COVID-19 and Pregnancy: What Reproductive Medicine Professionals Should Do?
As of now, one can only take cues from SARS-CoV and MERS-CoV that was associated with spontaneous miscarriage, intrauterine growth restriction (IUGR), preterm delivery, and other adverseobstetrical outcomes.
COVID-19 (Coronavirus Disease 2019) poses an unprecedented challenge to the world. Caused by the novel coronavirus SARS-CoV-2, the viral pandemic will affect millions globally, baring open our frailing healthcare infrastructure and lack of preparedness. As the situation is still evolving and the knowledge base continues to grow, not much is objectively known about COVID-19, its nature, and its other clinical aspects. A key concern, among several, for the reproductive medicine professionals, is if the vertical transmission is possible – if a woman is tested positive for COVID-19, can the virus be transmitted during the pregnancy.
Can We Learn From The Past?
Looking back at SARS and MERS, there hasn’t been any documented evidence of maternal-fetal transmission. Experts do, however, believe that the number of cases investigated is less and insufficient to make any conclusive remark. Similarly, with SARS-CoV-2, not a lot is known. The reported number of cases of pregnant women tested positive for the disease is few and far between; further, lack of follow-up on them makes it even more challenging to understand how coronavirus affects pregnancy.

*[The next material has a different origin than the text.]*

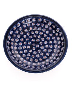 • Wie alle keramischen Produkte von Zakłady Ceramiczne "BOLESŁAWIEC" werden die Schalen von Hand mit Stempeln und Pinseln dekoriert, wodurch jeder einzigartig ist. Daher können minimale Unterschiede in der Dekoration zwischen einzelnen Stücken innerhalb des gleichen Designs auftretenDekoration D-1311ADies ist eine der klassischen Dekorationen von Bolesławiec-Geschirr. Vor unseren Augen breitet sich ein reizvoller Teppich aus winzigen Blüten mit kobaltfarbenen Blütenblättern und orange Zentren aus. Die Blumen werden auf dem cremefarbenen Hintergrund sehr präzise und sorgfältig eine nach der anderen platziert, so dass sich ihre Blütenblätter leicht berühren. Dies ergibt einen erstaunlichen Effekt. Dekoration für Genießer. Alle Dekorationen der in Zakłady Ceramiczne "BOLESŁAWIEC" hergestellten Gefäße werden von Künstlern nach traditionellen Methoden - mit Stempeln und Pinseln - von Hand gefertigt. Nach dem Dekorieren und Glasieren werden die Gefäße zweites Mal bei hoher Temperatur ausgebrannt, wodurch sowohl das Gefäß als auch die Dekoration an Beständigkeit gegen Beschädigungen und Farbveränderungen gewinnen. Jeder handdekorierte Artikel ist ein Unikat, da leichte Unterschiede in der Dekoration unvermeidlich sind.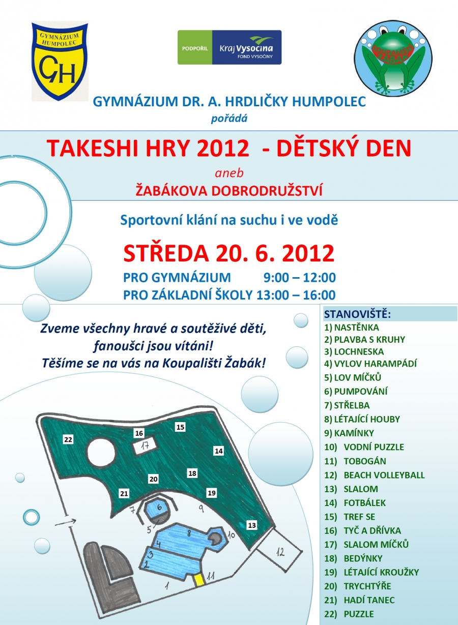 Gymnázium dr. A. Hrdličky Humpolec pořádá ve středu 20. 6. TAKESHI HRY 2012 - DĚTSKÝ DEN aneb ŽABÁKOVA DOBRODRUŽSTVÍ. Čeká na Vás sportovní klání na suchu i ve vodě. Zveme všechny hravé a soutěživé děti, fanoušci jsou vítáni!

Answering if COVID-19 can cause problems during pregnancy, the Centers for Disease Control and Prevention (CDC) says, “We do not know at this time if COVID-19 would cause problems during pregnancy or affect the health of the baby after birth.”
In such a scenario when there’s a lack of substantial data, the professionals in reproductive medicine must follow the basic protocols so as to avoid any adverse maternal and neonatal outcomes. At the same time, they must adhere to the guidelines outlined by the health officials, including social distancing and enhancing personal hygiene. Also, during such an outbreak when the number of fatalities is expected to go high, resource optimization and preservation are also of utmost importance for the reproductive medicine professionals.
Recommendations to Follow
The ultimate goal for any healthcare professional isn’t just to deliver on the needs of the patients but also to mitigate risks for themselves, their associates, staff members, and the community at large. So, along with proper treatment, strict prevention and control measures should essentially be in place. That said, here are some of the recommendations for reproductive medicine professionals and staffs:
Minimize risks by following basic measures. Like, maintain social distancing, accommodate patients into the clinical spaces after assessing their health status, lower the number of people in the clinic, create an infrastructure for telehealth, encourage staff members to work from home whenever possible, and maintain adequate availability of Personal Protective Equipment (PPE).
Advise the patients to not travel to the clinic in non-urgent cases but instead, first, consult over the phone. A lot of the cases can be dealt with over telehealth.
Suspend the start of new treatment cycles, like IVF, IUIs and ovulation induction. After the completion of a single cycle, postpone further treatment. Advise patients against elective surgeries and non-urgent interventional diagnostic procedures; postpone them.
Continue the treatment in urgent cases and of the patients who have already started the oral medications. Take all the precautionary measures; follow the guidelines by WHO.
Take adequate steps to ensure maximum hygiene and care of the laboratories. Interactions between laboratory staff and patients should be minimal. While the initiation of fertility treatment of patients with active SARS-CoV-2 is advised against, if it still must go, the specimen or sample collected must be handled with special care.
These are difficult times that could be overwhelming for the patients, as well as the reproductive medicine professionals and medical staff members. Seeking help from mental health professionals should be a viable option. If the staff members, doctors, and patients are showing signs of emotional strains, a mental health professional should be approached. Of course, keeping in view the guidelines, the counseling sessions are best done over the phone or webcam instead of an in-person visit.
The uncertainty of COVID-19, and the anxiety around it, is still very high. It’s a challenging time for healthcare professionals – and the communities at large – to be in. As we register and examine more cases, the picture will get clearer as to how SARS-CoV-2 affects pregnancy. But, as of now, we can only follow the basic guidance, preventive measures, common sense, and the commitment to deliver the best treatment – with the intent to mitigate risks for the patients, doctors, nurses, clinical staff, and the collective society.